Before I just had some creatures attracted by buildings, akin to Dungeon Keeper.
These creatures came with predetermined equipment and abilities.
There was an inventory system and equip-able items since the beginning.
The equip-able items were a minor gimmicky thing, which gave small bonuses like +1 to defense.
Creatures had no progression, outside of the polymorph spells, which changed the creatures.
It was okayish, but offered no uniquiness to different creatures of the same type.
So now I decided to overhaul it and move closer to XCOM and Final Fantasy Tactics.
Equipment will be a huge thing now, and having a hook will be required for humanoids to scale walls.
There will be further creature progression, like humanoids will be able to grow wings.
Example is that flying zombie from the previous post. Think of it as flying armor from XCOM.
Before there was a ring of flying artifact giving flight to any no-flying character.
But it was really bolted on, without any character development and tech level.
I'm fixing it now. No, not with character jobs, but with a novel system, which fits nicely with city building.
Also I still wont be introducing experience or job/class experience, since I'm not making an RPG game.
In fact, no RPG elements is the 1st of the 3 design guidelines I use
1. No experience/character-classes or other D&D nonsense.
2. No randomness for action result. Even if the result appears to be random, it still depends on the world state (i.e. phases of the moon).
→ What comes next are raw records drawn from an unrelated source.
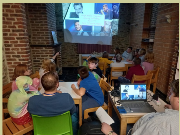
Blind Test et Karaoké ont ravi petits et grands.

Après le jeu, nous avons chanté au karaoké. Il y avait une très belle ambiance.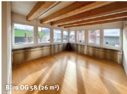
Büro OG 58 (26 m 2 )

Mitbenützung der Infrastruktur wie WC, Küche, grosses Sitzungszimmer, etc.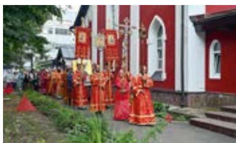
Крестный ход вокруг Пантелеимоновского храма

В завершение богослужения была прочитана молитва великомученику и целителю Пантелеимону.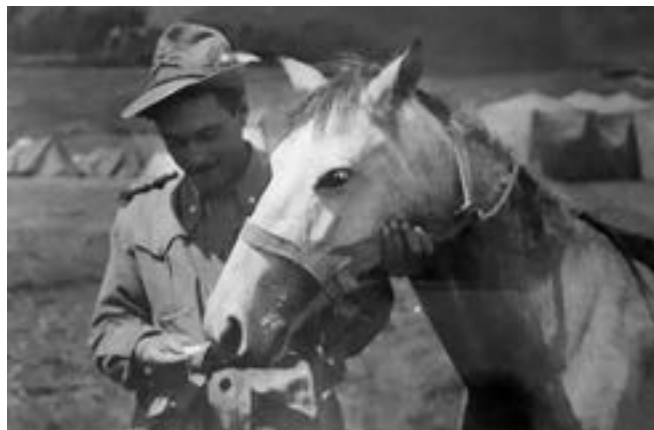
Mulo di Artiglieria Alpina.

"Ci davano sempre da mangiare, poco ma sempre. Comunque avevamo sempre fame". La quan-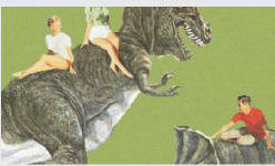
Vicenç Pagès A "L'avantçat"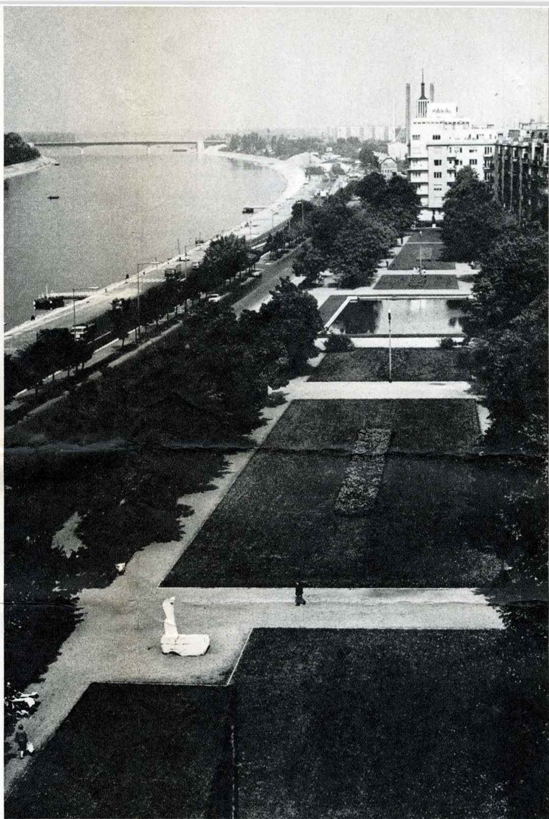
A Szent István park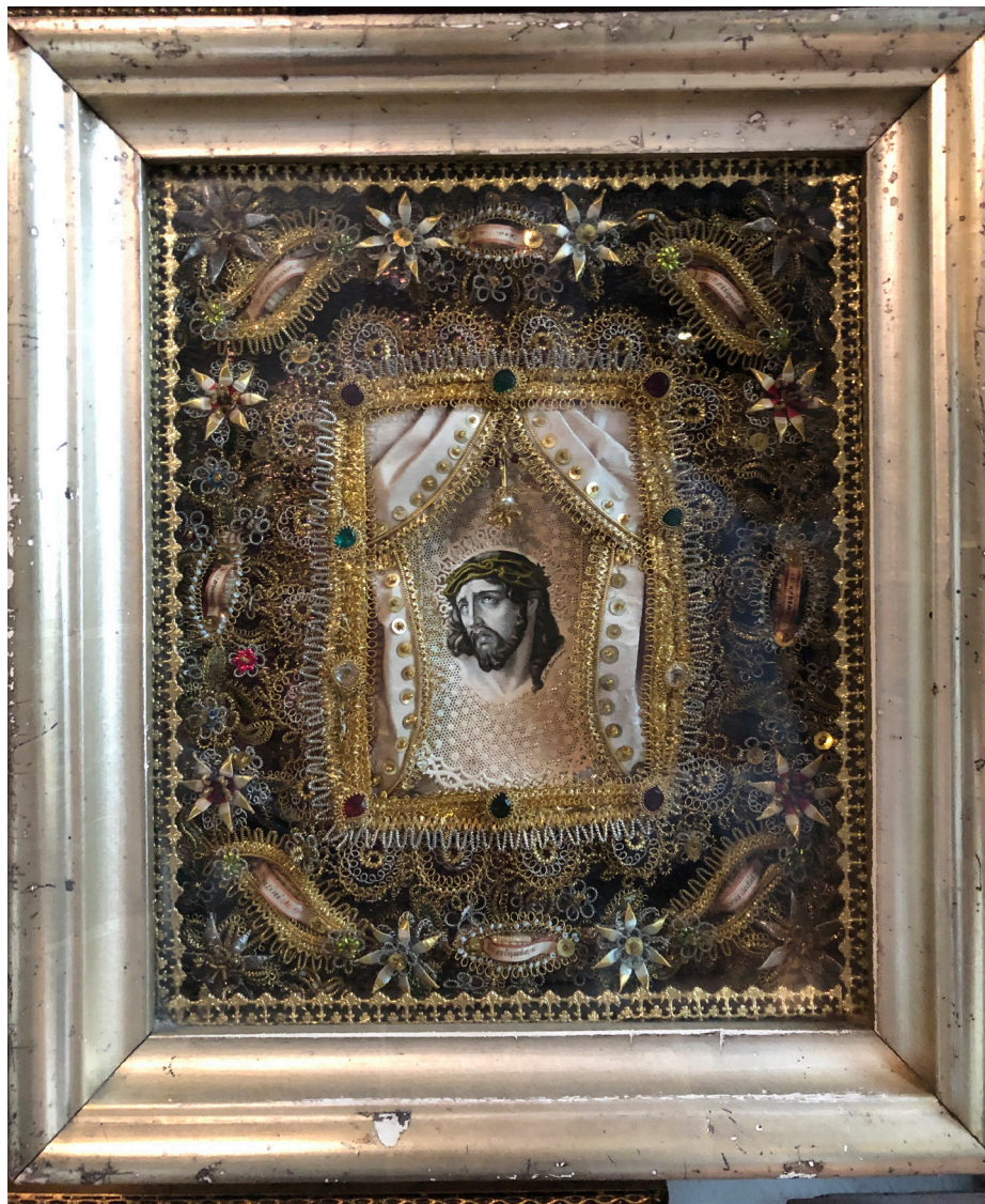
Obr. 10 Votívny obraz s aranžmánom okolo podoby Bolesného Krista (zv. kláštorňa práca) Múzeum mariazellskej pokladnice. Foto: 06/2022.

Basically when I want something to be random, I make it depend on many factors, some of which are non-obvious or unseen to the player. Then I introduce abilities to access these factors.
3. A gameplay feature, which forces player to plan in advance, is a good one. So in my game design book, requiring spellcasting to take some time is a good idea. Yet more powerful spellcasters should have lower casting time. That alone gives player so many options: pick a weak spellcaster, who will do the job but take it long and will require you to plan further, or waste money on the expert one. And this 3rd rule indirectly helps implementing the 2nd one, because player choices introduce randomness, which is not as annoying as dice roll, because if player fails, that is the player's fault.
Anyway, now I have to draw a ton of pixelart myself, for the basic stuff like outfits. I don't hire artists anymore, since cheap artists produce too low quality art, so even I can already do a better job, while professional artists require fulltime employment and really huge salary. Then a lot of effort is wasted communicating what is required, and even I myself don't completely understand how it all should. This entire thread demonstrates doing new stuff, instead of just cloning Final Fantasy Tactics or XCOM, requires a lot of R&D, and sometimes taking breaks so I can return with a clean head and news ideas.